INPUT section start

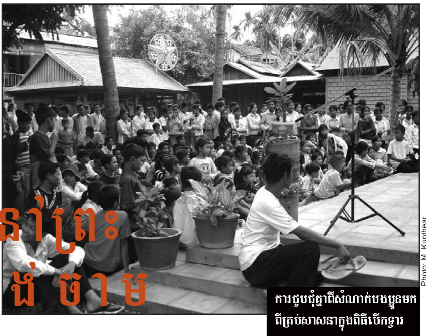
ការរៀបចំបុណ្យពិធីសំណាក់បងប្អូនមកពីគ្រប់សាសនាក្នុងពិធីបើកទ្វារ

ស្របពេលនិងពិធីបុណ្យព្រះយេស៊ូប្រសូត និងជាប្រវត្តិសាស្ត្រមួយសម្រាប់ព្រះសហគមន៍កំពង់ចាម ដែលមានរៀបចំកម្មវិធីមួយ ដែលមិនធ្លាប់មានកន្លងមក។ មនុស្សគ្រប់វ័យរាប់រយនាក់បានចូលមកក្នុងព្រះវិហារកំពង់ចាមដើម្បីប្រារព្ធនូវពិធីនេះ។
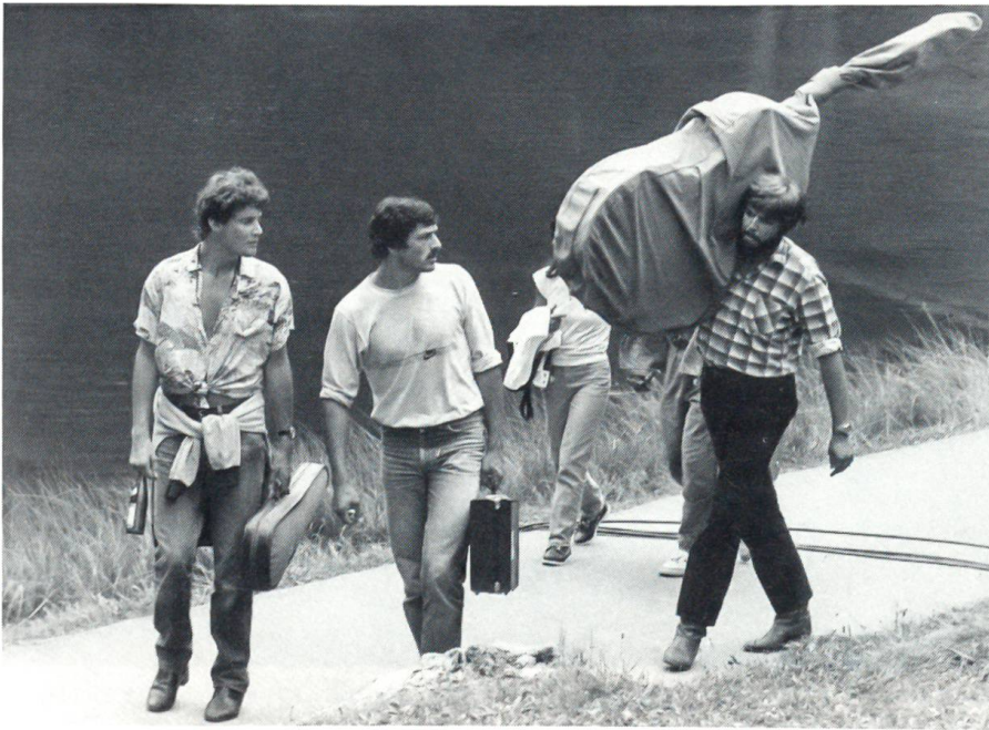
Folkfestival am Blausee Aufmarsch der Musiker

hielt. Die Laternen wurden angezündet, Rucksack, Pickel und Seil an sich genommen, und berggewohnte Schritte verklangen im langsam erwachenden Tag. Am Fensterchen kauern sah ich sie übers Geröll hin bergwärts verschwinden, und in diesem Augenblick wusste ich es plötzlich ganz fest. Spürte die unerschütterliche Gewissheit, dass ich nicht bereit war, zu verzichten auf das Erleben am Berg, sondern dass ich die Kraft haben musste, in Zukunft mit jedem angstvollen Gedanken sofort fertig zu werden.
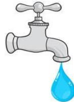
4 verres d'eau
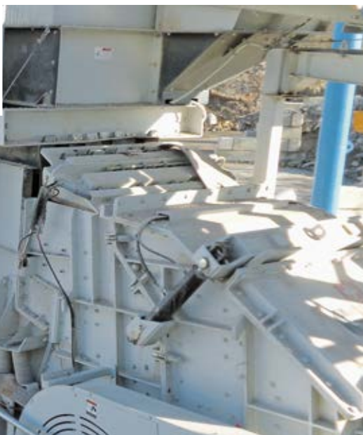
Stationäre Brecheranlage mit 129 Schmierstellen
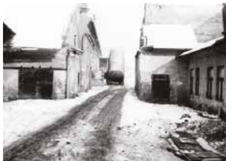
Život na mlýně, 20. století
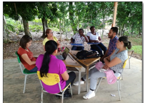
Imagen 3. El equipo técnico de HWI socializa con cuerpo docente de la IE El Cristal sede Picalojo, motivándolos a participar en el diplomado Escuela Vereda Innovadora. Mayo 22 de 2019

En el núcleo Las Damas se visitaron en el Municipio de Calamar, la IE Carlos Mauro Hoyos – sede principal y la IE Las Damas - sede principal. Por su parte se visitaron en el municipio El Retorno la IE La Libertad – sede principal, de la Inspección La Libertad y el Centro Educativo La Asunción , del Resguardo Indígena La Asunción. En estas Instituciones Educativas, se sostuvieron reuniones con directivos (rectores, coordinadores académicos), docentes y en el caso del Resguardo Indígena con la capitana del resguardo.
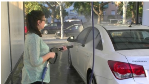
3. _____ el coche.
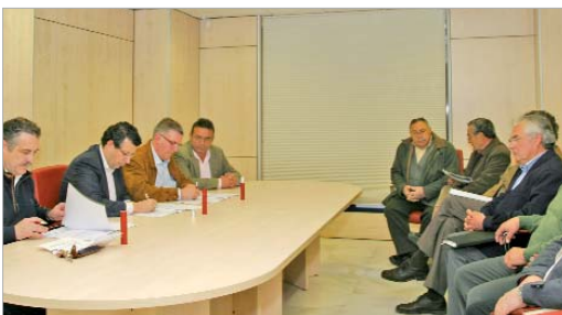
Durante la firma del convenio.

El acuerdo contempla la legalización de las edificaciones con una antigüedad anterior al 31 de marzo de 2004. A aquellas que se construyeron a posteriori, y que no tengan licencia urbanística municipal, se les aplicará la Ley de Expediente de Legalización.

INPUT section end

## TASK
The answer must be every line of the data that holds the word "sede".

## YOUR RESPONSE
Imagen 3. El equipo técnico de HWI socializa con cuerpo docente de la IE El Cristal sede Picalojo, motivándolos a participar en el diplomado Escuela Vereda Innovadora. Mayo 22 de 2019
En el núcleo Las Damas se visitaron en el Municipio de Calamar, la IE Carlos Mauro Hoyos – sede principal y la IE Las Damas - sede principal. Por su parte se visitaron en el municipio El Retorno la IE La Libertad – sede principal, de la Inspección La Libertad y el Centro Educativo La Asunción , del Resguardo Indígena La Asunción. En estas Instituciones Educativas, se sostuvieron reuniones con directivos (rectores, coordinadores académicos), docentes y en el caso del Resguardo Indígena con la capitana del resguardo.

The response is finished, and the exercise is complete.